А Христофор Колумб не взял в свое первое путешествие ни одного священника: лишний груз ему не требовался. И солдат не взял. Миротворец?.. Да нет, коль скоро шел присваивать чужое во имя и во благо…

Но феодальное пространство он — как и португальские капитаны — взорвал.

Мир изменил свой облик.

Вот об этом и размышляли Гумбольдт и Риттер.

И в этом вопросе взгляды их были весьма сходны, причем Риттер (тогда приоритетные дуэли случались реже, чем теперь, хотя, к сожалению, случались) шел за Гумбольдтом.

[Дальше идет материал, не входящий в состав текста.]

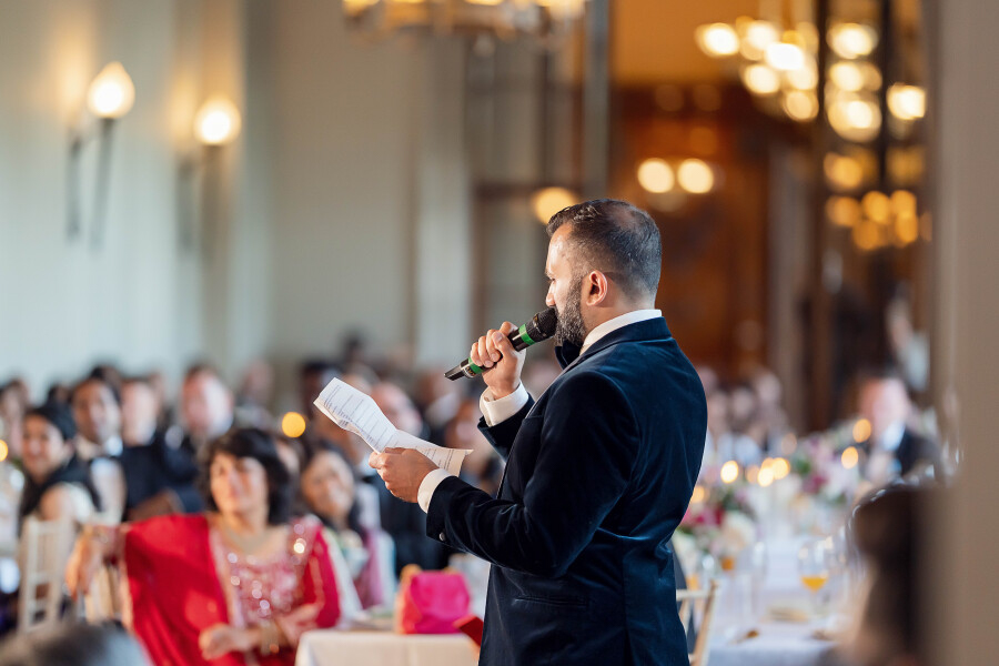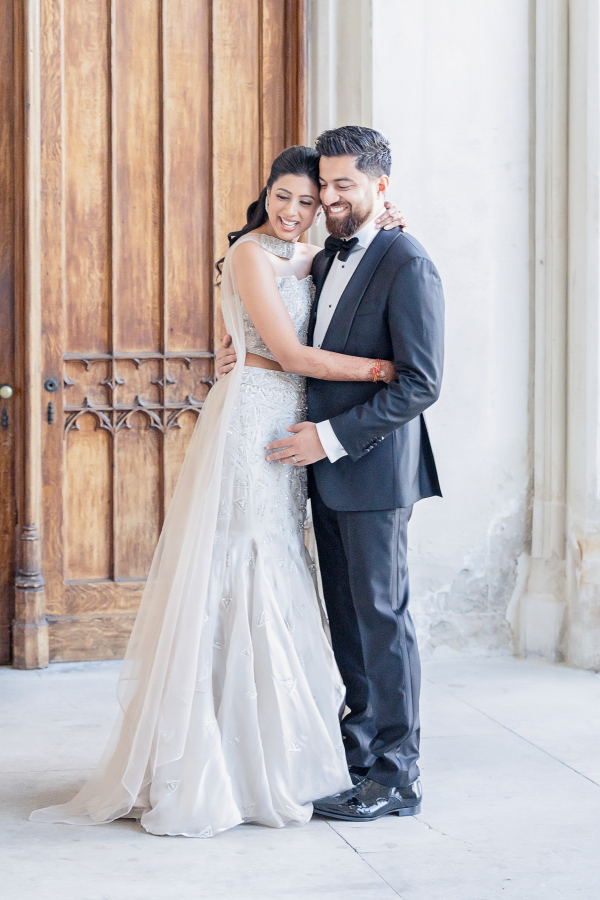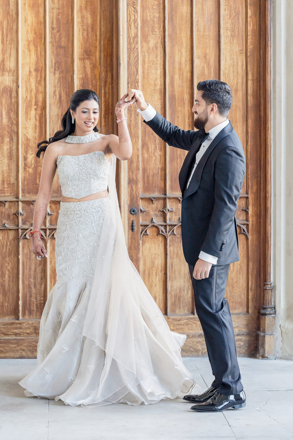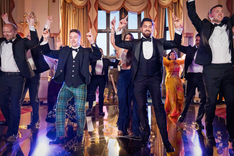 As evening arrived, the couple both got changed and had a gorgeous first look – both loving the complete contrast of their evening outfits from the day. The traditional dance-offs were amazing and exuberant group dancing took over, with guests fully embracing the music – again accompanied by the Dhol drummers.
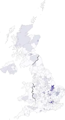British Poles, alternatively known as Polish British people or Polish Britons, are ethnic Poles who are citizens of the United Kingdom. The term includes people born in the UK who are of Polish descent and Polish-born people who reside in the UK. There are approximately 700,000 people born in Poland resident in the UK. Since the late 20th century, they have become one of the largest ethnic minorities in the country alongside Irish, Indians, Pakistanis, Bangladeshis, Germans, and Chinese. The Polish language is the second-most spoken language in England and the third-most spoken in the UK after English and Welsh. About 1% of the UK population speaks Polish.[1][2] The Polish population in the UK has increased more than tenfold since 2001.[3]
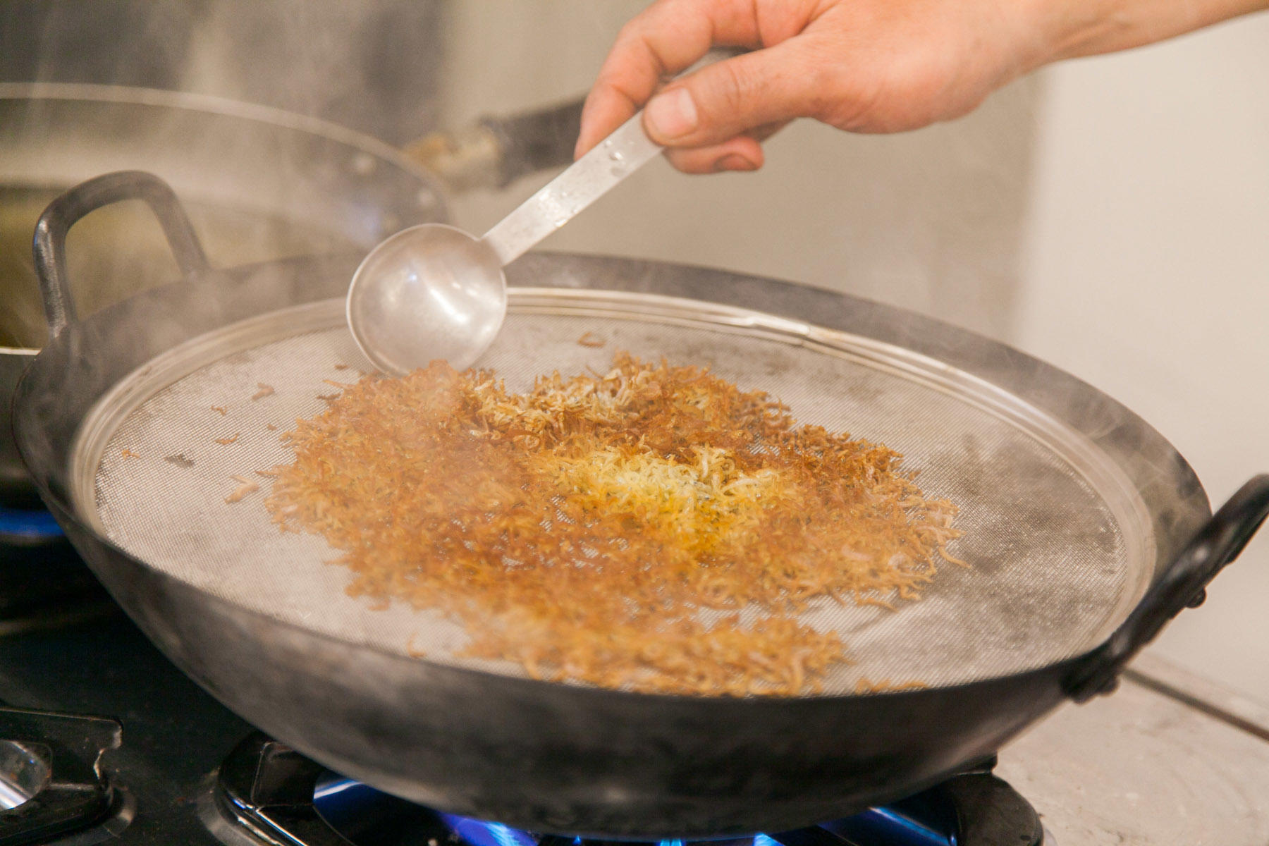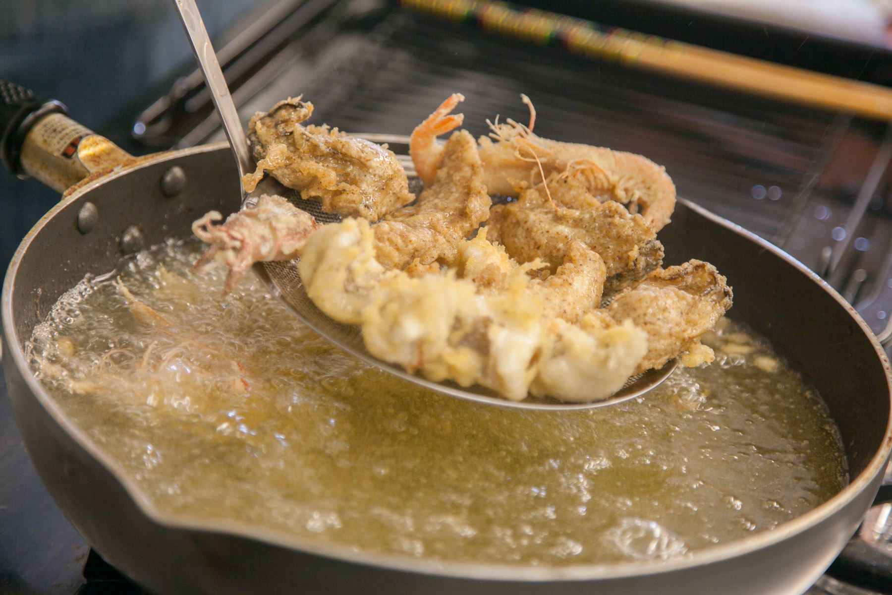 「さあ、今から皆さんにもつくってもらいます。おいしくつくるコツは、二度揚げです。高温の油に入れたら途中で引き上げて、余熱で火を通してからもう一度揚げる。魚も野菜も季節次第、倉橋にそのとき"あるもの"で大丈夫ですからね」
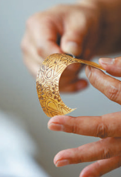 Une artisane en train d’élaborer des pyrogravures
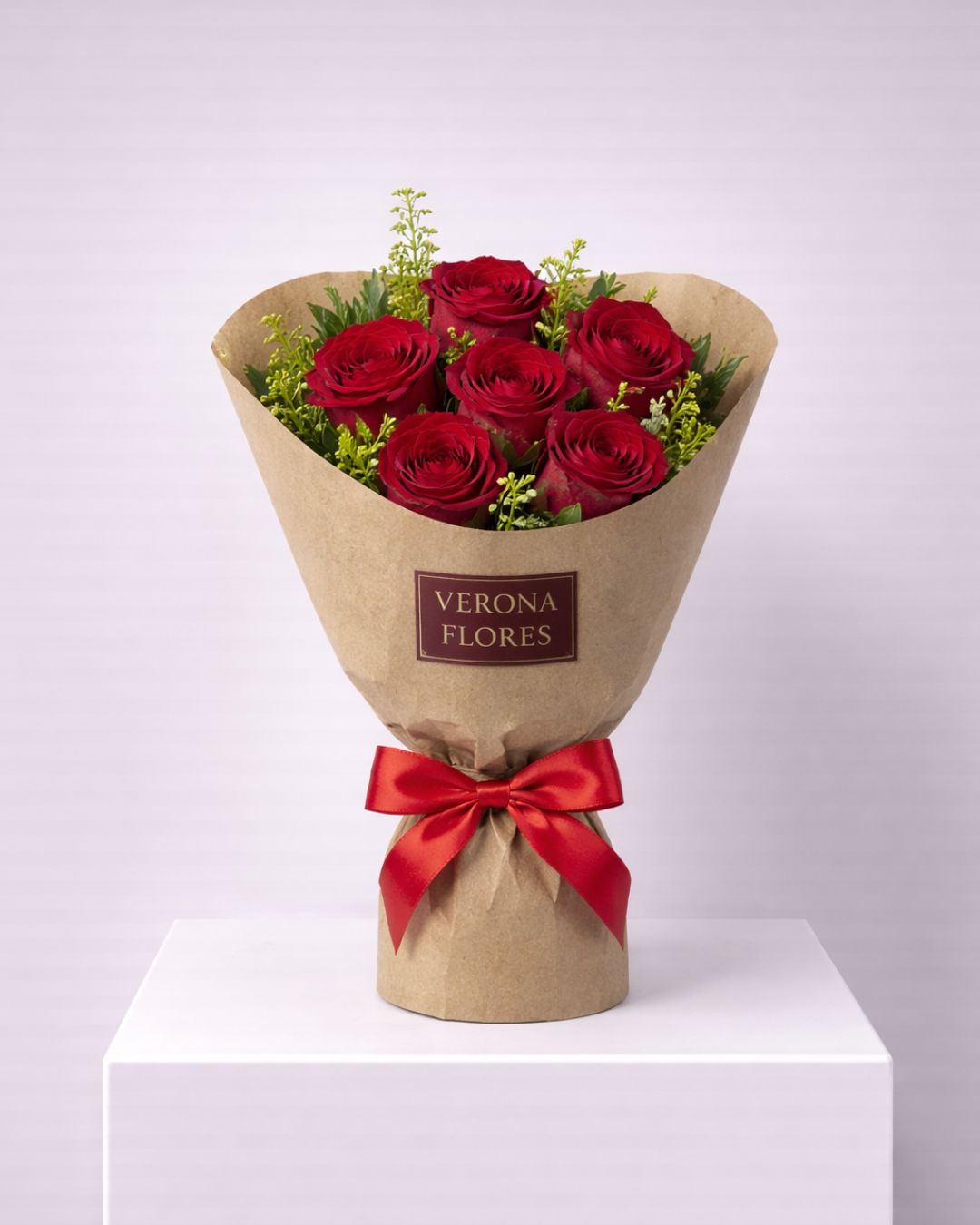 Buquê clássico com 6 rosas vermelhas, tango e folhagens verdes, embalado em papel decorativo transparente. Um arranjo elegante e intenso, ideal para expressar amor, paixão e sentimentos profundos em ocasiões especiais.
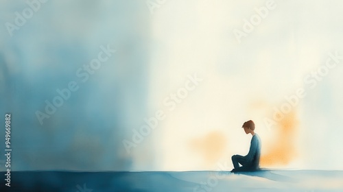 A solitary figure sits in contemplation, surrounded by soft hues of blue and warm tones, evoking sense of introspection and tranquility.
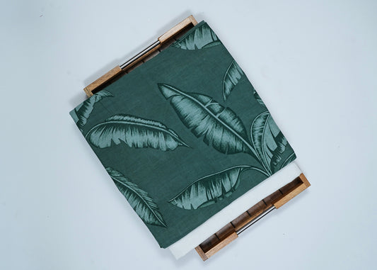 Unisex Leaf Green Printed Pure Soft Cotton Kurta Fabric & White Pure Cotton Pyjama Fabric (2.5 Meters)
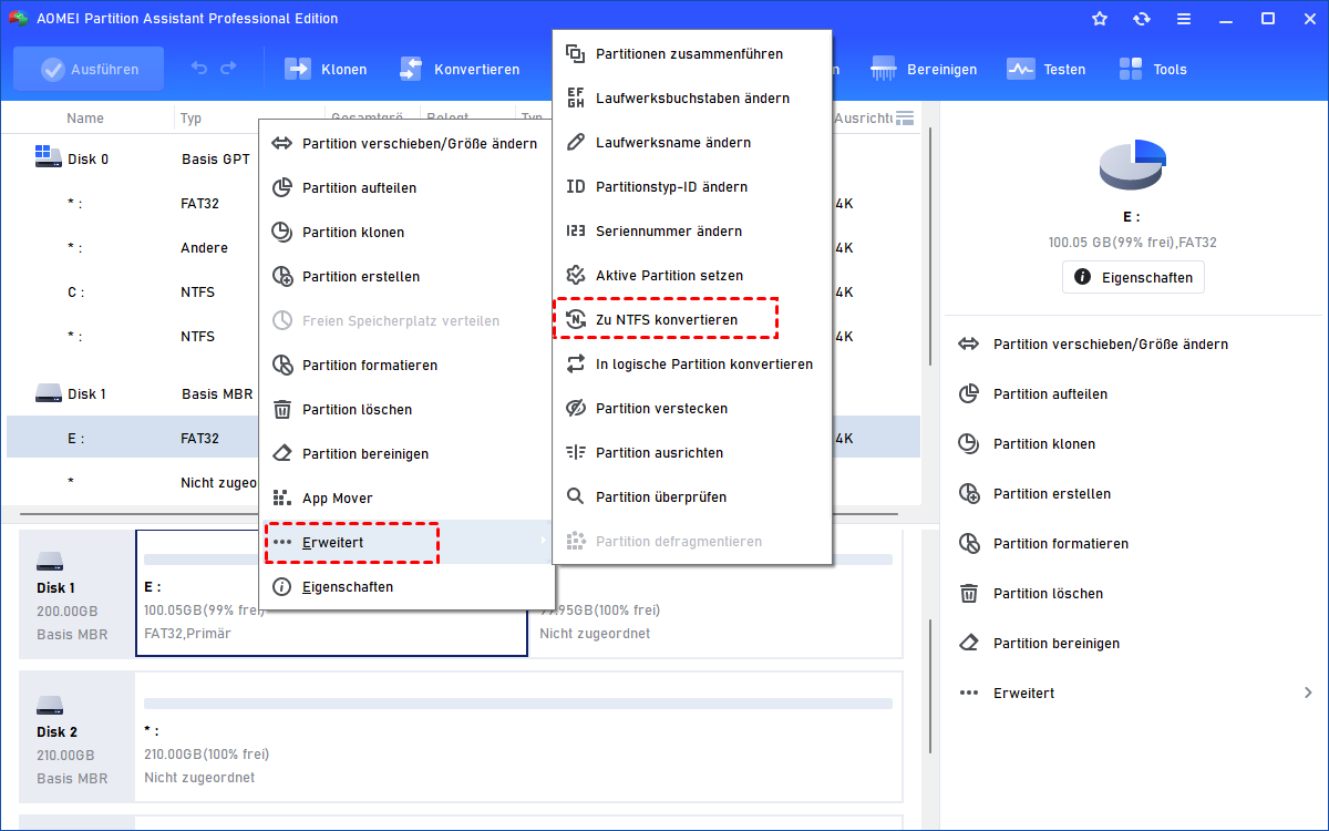Schritt 1: Installieren und starten Sie AOMEI Partition Assistant Standard. Klicken Sie mit der rechten Maustaste auf die mit FAT32 formatierte externe Festplatte und wählen Sie Erweitert und dann Zu NTFS konvertieren aus.
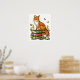 Este design de cottagecore floral apresenta uma raposa bonita sentada em livros cercados por flores da floresta.
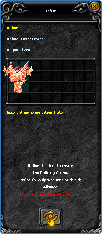 After starting the conversation with him, he would insert an item to create a Refining Stone, remembering that normal items will create a Lower and Excellent items will create a Higher.
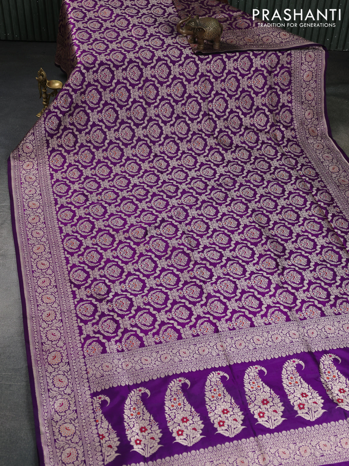 Banarasi uppada silk saree purple with allover zari woven brocade weaves and zari woven border
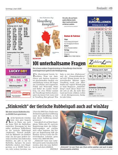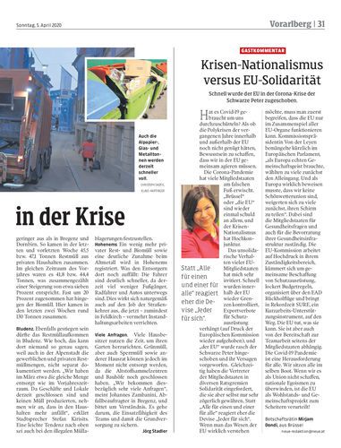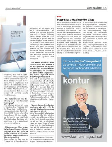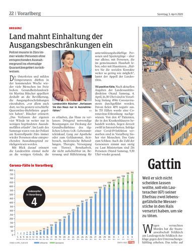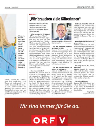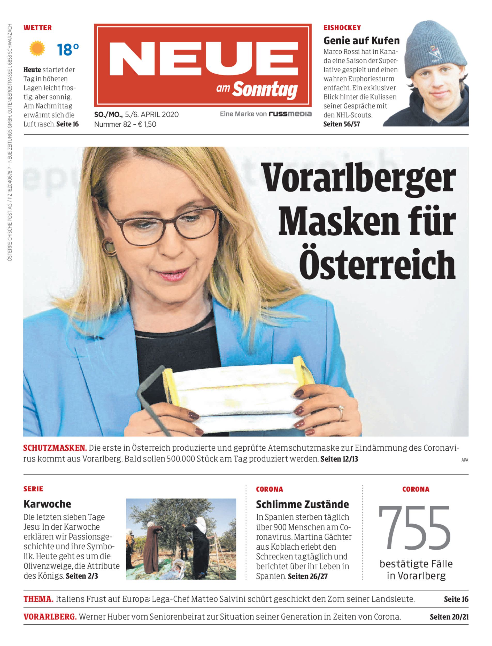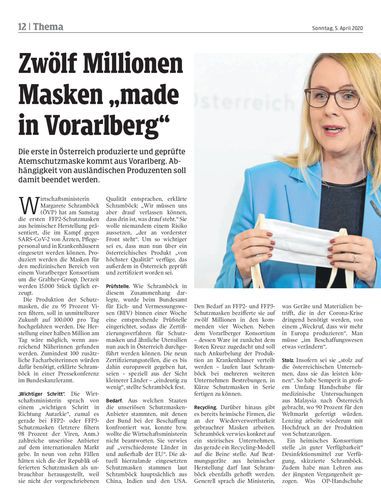 Schutzmasken. Die erste in Österreich produzierte und geprüfte Atemschutzmaske zur Eindämmung des Coronavirus kommt aus Vorarlberg. Bald sollen 500.000 Stück am Tag produziert werden. Seiten 12/13 APA

К чести этих очень разных ученых надо сказать, что, взаимно дополняя друг друга в рассуждениях об изменяемости земного пространства, каждый из них самую проблему вымыслил через время, а время зависело от техники: чем совершеннее техника, тем меньше времени требуется на преодоление конкретного пространства. Стало быть, с позиций человека мыслящего, в симбиозе земного времени-пространства, «лидер» все-таки время. Любопытно, как в лебенссфере-биосфере Гумбольдта изобретались способы перестройки — или усовершенствования — лидера: отростки у простейших, плавники у рыб, ноги у донных жителей и у сухопутноходящих, плавучесть и летучесть, а потом перекати-поле как прообраз колеса и крылья как прообраз паруса и крыла Икара… Развитие биосферы и техносферы не повторяют друг друга, но эволюционно продолжаются. И все больше техносфера находит полезного для себя в биосфере. Не заимствовано разве что колесо, но биосфере колесо ни к чему: упавшее колесо никто бы не поднял. Иное дело — катящийся шар. И теперь техническая мысль не отрицает возможность замены в сложных условиях проходимости колеса — шаром. Меньше скорость?.. Меньше. Но, может быть, есть смысл не только все увеличивать, но кое в чем и уменьшать скорости преодоления времени-пространства?.. Вероятно, только ум, способный вычислить скорость убегания от нас галактик, может сравнить скорость движения виноградной улитки и полета стрижа, рост коралла и пикирование сокола на добычу… Если бы все люди двигались в темпе рекордсменов мира на стометровке, то человечество погибло бы… Мудрость лебенссферы-биосферы и в том, что она усредняет быстроту ускоряющегося по экспоненте эволюционного взрыва. К сведению должен быть принят и ее запас медленности движения, медленности роста, как резерв, который может пригодиться. Пригодиться для той самой планетной революции, которой никак нельзя оторваться от своих биосферных корней, хотя при застратосферных взлетах может возникнуть и ложное ощущение подобной возможности, — не только как ощущения, но и как мысли тоже. «Спешите медленно», — это предупреждение римский мудрец изрек уже после того, как были изобретены парус и колесо… И легенда об Икаре — тоже… Не о нашем ли времени размышлял тогда этот безымянный мудрец?.. Нам, во всяком случае, о нем следует помнить. И следует помнить, что в единый узел земное время-пространство плюс техника были логически завязаны Гумбольдтом при участии Риттера.

вернуться

15

Точности ради я процитирую Энгельса: «…натуралистическое понимание истории — как оно встречается, например, в той или другой мере у Дрейпера и других естествоиспытателей, стоявших на той точке зрения, что только природа действует на человека и что только природные условия определяют повсюду его историческое развитие, — страдает односторонностью и забывает, что и человек воздействует обратно на природу, изменяет ее, создает себе новые условия существования» (Энгельс Ф. Диалектика природы. М., 1969, с. 198). «Забывчивость» эта была мировоззренческой, методологической.

вернуться

16

О том же писал и Вернадский столетие спустя, он отметил «взрыв Гумбольдта» и современный ему взрыв научного знания.